One of the best things about Vizcaino is his ability to pitch multiple innings. Kimbrel and Venters can pitch multiple innings, too, but that’s not how Fredi’s vision of a baseball team works–the top set-up man and closer are strictly 1-inning relievers in his eye. Having a player that your manager isn’t afraid of using for multiple innings in high-leverage situations instantly lessens the workload of the late-inning relief corps. Just having a right-handed set-up man would have accomplished this, having one that can get more than three outs is even better.

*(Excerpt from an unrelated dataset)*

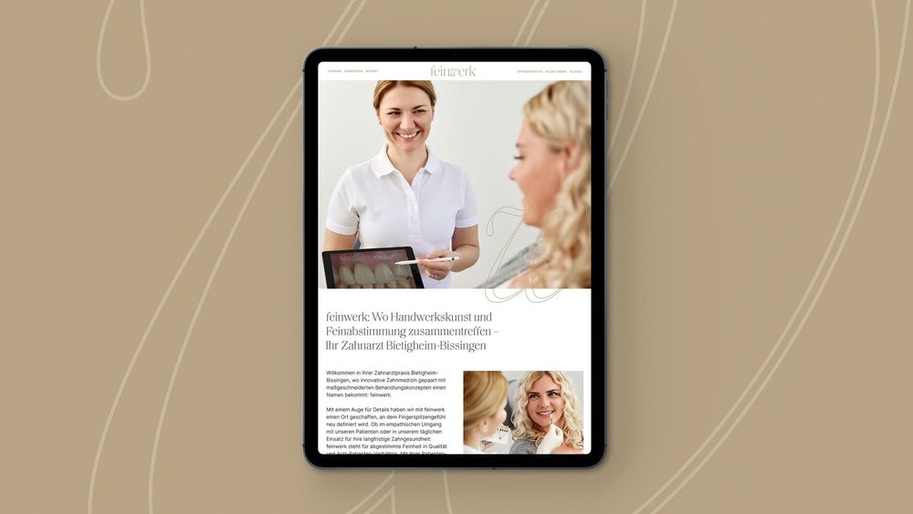 Besondere Beachtung verdient neben Naming und Corporate Design die Praxis-Homepage. Sie ist als Visitenkarte im Internet oft der erste Anknüpfungspunkt für potenzielle Neupatienten und damit unverzichtbar für Praxen auf Wachstumskurs – wie feinwerk. Dabei kommt es einerseits auf das Website-Layout an. Es sollte ebenfalls dem roten Faden des Corporate Designs folgen und dabei übersichtlich und von der Nutzung intuitiv gestaltet sein.

Another thing: Eric O’Flaherty really shouldn’t be facing right-handed batters in high-leverage situations. The Braves have used him as their go-to 7th inning man this year because there aren’t any better options, but ideally he’s only a full-inning reliever in medium-to-low-leverage situations and a match-up specialist in high-leverage situations. There are two reasons for this. Number one: he’s just not nearly as effective against right-handed hitters. He owns a career 3.28 K/BB ratio against left-handed batters, which is excellent, but only a 1.48 K/BB ratio against right-handed batters, which is sub-replacement level. Number two: health reasons. O’Flaherty is the aforementioned reliever who has been historically injury-prone. He’s managed to stay relatively healthy for Atlanta due to a rigorous stretching program and, among other things, a conscious effort on the coaching staff’s part to manage his workload. The latter has not held true in 2011, primarily because there wasn’t a better 7th inning reliever for most of the year. To this point O’Flaherty is 7 outs, 11 batters faced, and 11 pitches away from tying career highs in those categories. Having a right-handed set-up man allows the Braves to slide O’Flaherty back into a match-ups role, which will not only strengthen the bullpen but also help manage his workload in order to keep him fresh for the playoffs.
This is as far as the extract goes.